劇団ひとりは、萬田さんに「早く逃げた方がいい」的なことを言いに来る役でした(一瞬だけ?)

アルマが健気じゃありませんか。
救援を頼みに走って、一生懸命帰ってきた姿に号泣っス。
犬種がシェパードってことで、見る前はイマイチ気乗りがしなかったのですが(推薦しておいて本当にすみません。
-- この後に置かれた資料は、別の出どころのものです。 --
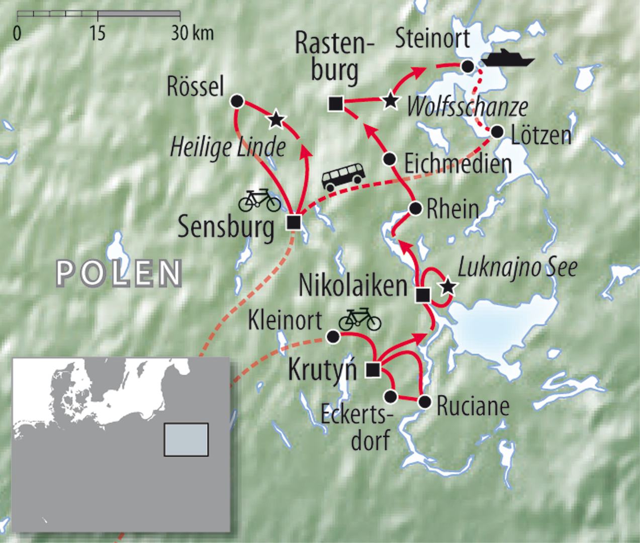 Auf dieser Radreise Masuren erleben Sie Natur wie aus einem alten Bilderbuch: schwarze Wälder, sanfte Hügel und verträumte Dörfer. Tausende größere und kleinere Seen glitzern wie Juwelen inmitten ausgedehnter Wälder. Die Masurische Seenplatte ist eine der schönsten Landschaften Polens. Ein Naturparadies für weiße Störche. Hier schwimmen in den Seen Aale, Hechte, Barsche und durch die Wälder streichen noch Wölfe, Luchse, Marderhunde, Wisente und Polnische Pferde, die so genannten Tarpane. Die friedvolle Ruhe in riesigen Urwäldern und Naturparks, weite Heideflächen, kristallklare Flüsse und Seen sowie über hundertjährige Alleen prägen die Landschaft. Es wurden bisher fünf Landschaftsparks und zahlreiche Naturreservate in dieser Region gegründet. Die Masuren zählen zu recht als Grüne Lunge Polens zu einer der schönsten Radwander-Regionen Europas. Sie können die herzliche Gastfreundschaft, der hier wohnenden Menschen, kennenlernen und für sich den Zauber auf der Fahrradtour Masurische Seen mit seinen geheimnisvollen Ecken entdecken.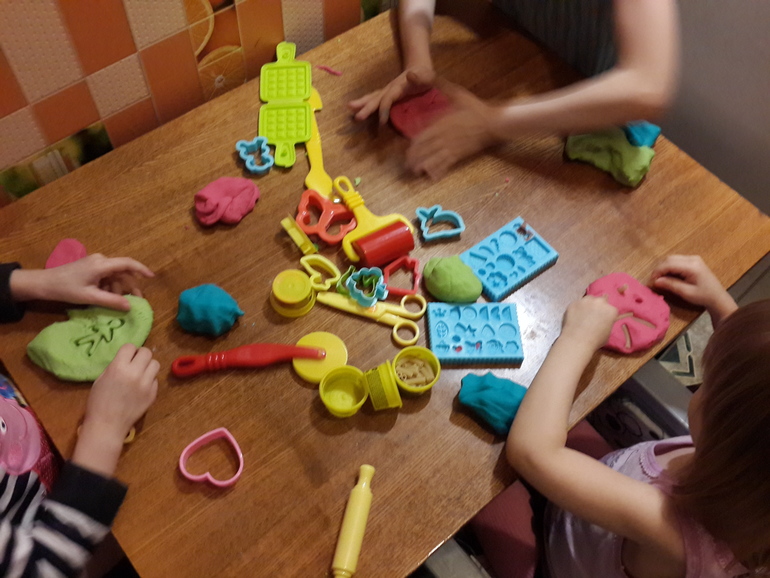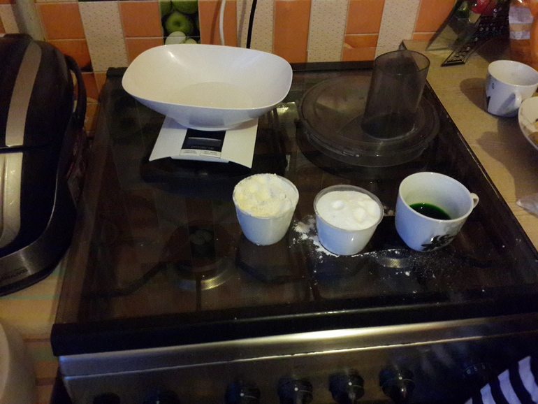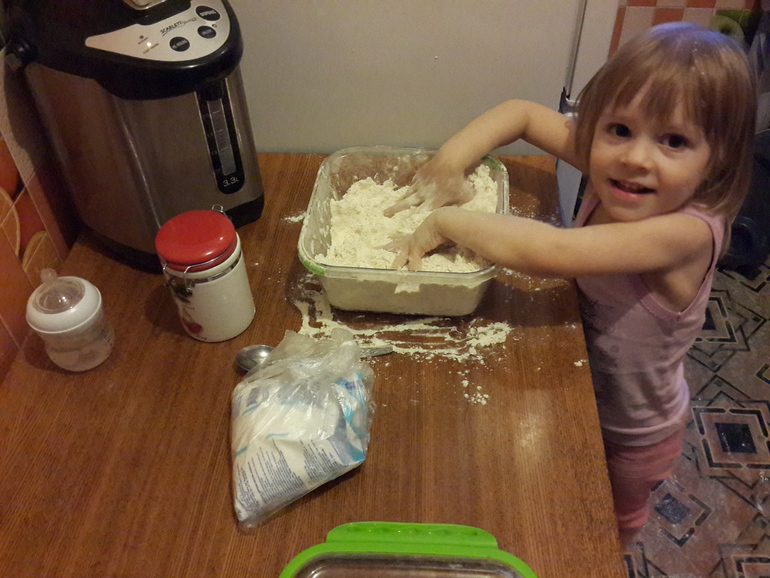 К 19.00 пришел старший сын, все поужинали. Посмотрели мультики. Решили сделать соленое тесто, а то красители для яиц глаза мозолят

シェパードの飼い主の方、本当〜〜にすみません)
なんてカワイイのー!耳がピョンと立った顔、たまらんです。
シェパードに目覚めましたw


あの子役のコ、ゲゲゲの次女だったか。
気づきませんでしたw

犬一(って書くのでしょうか?)
柴犬もかわいかったですねえ。

小泉孝太郎のマッチョな人格、珍しいですよね!
そして玉鉄、死に際までキレイだったです。

キレイだのかわいいだの、そんな感想ばかりで…
犬の、掛け値なしの愛情が素敵です。

戦場には馬も連れて行かれますが、人間の都合でかわいそうですね…

投稿: マイティ | 2010年12月19日 (日) 01時19分

マイティ様
コメント、ありがとうございます。 ドラマを紹介くださり、ここであらためてお礼申し上げます。

劇団ひとりクンって、結構一般人チックな顔をしてるので(笑)、チョイ役で出てくるとホントに分かんないですね(爆)。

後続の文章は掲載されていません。